Autoradiographs showing slot-blot hybridization results of four probes derived from rpo genes to DNAs from ten Convolvulaceae species. Small plastid ribosomal subunit (16S rRNA) was used as positive control. Species 1–5 are from parasitic genus Cuscuta (1–3 belong to subgenus Grammica, 4 to subgenus Cuscuta, and 5 to subgenus Monogyna), whereas species 6–10 represent diverse autotrophic members of the family. Note that the absence of rpoB, rpoC 1 , and rpoC 2 hybridization as well as significant signal intensity diminution for rpoA are restricted to three Cuscuta subgenus Grammica representatives.

A large inversion in the C. reflexa plastid genome, ∼15 kb in length (Fig. 1B), was hypothesized based on the position of the petG gene relative to the rbcL gene and its transcriptional orientation (Haberhausen et al. 1992). Our PCR assay indicates that the same inversion reported for C. reflexa exists in C. japonica (both are species of subgenus Monogyna). However, this inversion is absent from the other species of Cuscuta belonging to subgenera Cuscuta and Grammica (Fig. 1B), as well as from all nonparasitic Convolvulaceae investigated. The arrangement of genes in ptDNAs from these species are syntenic with that of tobacco ptDNA, indicating that the 15-kb inversion appears to be a synapomorphy for Cuscuta subgenus Monogyna.

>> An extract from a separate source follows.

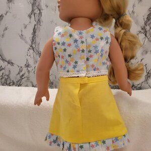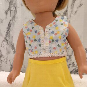 Bright as the sun, dress your doll in this bight yellow skirt with contrasting pleated edging (skirt designed by Lorie Mason) match the skirt with the Catalina top by Liberty Jane pattern found at Pixie Faire.com. Sewn in a smoke free home. DOLL NOT INCLUDED
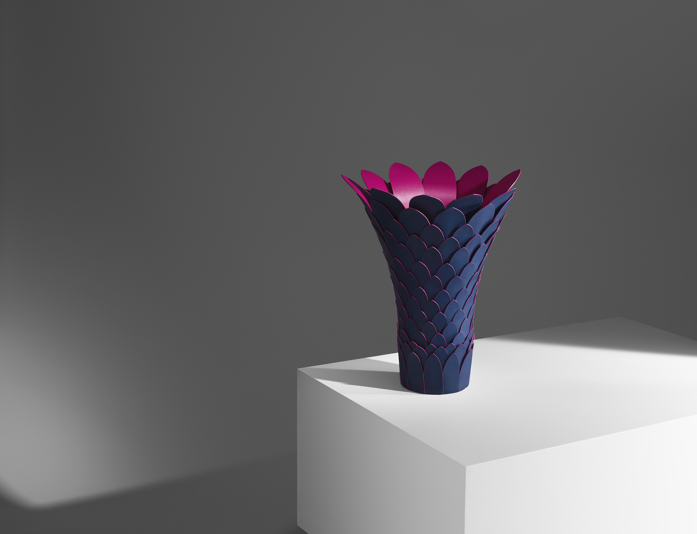The decorative objects home collection was created for the house by some of the world’s most renowned designers, including Humberto & Fernando Campana, Atelier Oï, Patricia Urquiola and Marcel Wanders. Highlights of the collection include the Tropicalist Vase by Humberto & Fernando Campana constructed of 176 two-tone, leather-covered metal “petals”, inspired by South American quesnalia and bromeliad flowers, and Patricia Urquiola’s Overlay Bowl is made of just four cleverly assembled sheets of smooth but hardwearing Louis Vuitton leather.

Long PCR amplifications with C. sandwichiana (subgenus Grammica) resulted in sequences from three ptDNA regions (Fig. 1B, C). The first sequenced area contains the rbcL gene, atpB-E operon, a series of tRNAs (trnM, trnF, trnL, and trnT), the rps4 gene, trnS, and ycf3 (= ORF168 in tobacco). This region, approximately 7 kb long, is collinear with a 15-kb region of tobacco ptDNA located in the large single copy (LSC) region (Fig. 1B). The difference in size is due to the combined effect of several deletions involving genes, intergenic spacer (IGS) regions, and introns. The most conspicuous deletion in this area of C. sandwichiana ptDNA is the portion that corresponds to 3.5 kb in tobacco containing trnV and the ndhC-J operon. Also lacking is one open reading frame (ORF70A), found in tobacco but not common in other plastid genomes (Wakasugi et al. 1998), and two introns usually present in ycf3, an ORF of unknown function that is found commonly throughout land plants. The juxtaposition of what are, in most plants, three exons into a single, uninterrupted ycf3 gene shows that the introns have been removed precisely from this gene, keeping the ORF intact, similar to the situation found in the rpl2 that was described above. No intermediate cases, i.e., those cases in which reduced intron(s) would be present, were found. This kind of “clean” intron deletion is generally thought to involve through a reverse-transcriptase-mediated mechanism, where the reverse transcription of a spliced transcript is followed by homologous recombination between the intronless cDNA and the original gene, as opposed to illegitimate recombination at a random site in the genome (Fink 1987; Dujon 1989, Hiratsuka et al. 1989; Downie et al. 1991).

The second sequenced region of C. sandwichiana, ∼7 kb long, is collinear with a 10.5-kb region of tobacco ptDNA located also in the LSC (Fig. 1B). It contains, in the following order, the psaB and rps14 genes, trnfM and trnG, ycf9 (= ORF62 in tobacco), trnS, psbC-D operon, a cluster of tRNAs (trnT, trnE, trnY, and trnD) and the psbM gene. Almost all of the ∼3-kb difference in size can be explained by deletions in the IGS regions. Only one ORF, tobacco-specific ORF105, is lacking in this portion of C. sandwichiana ptDNA compared to the tobacco sequence.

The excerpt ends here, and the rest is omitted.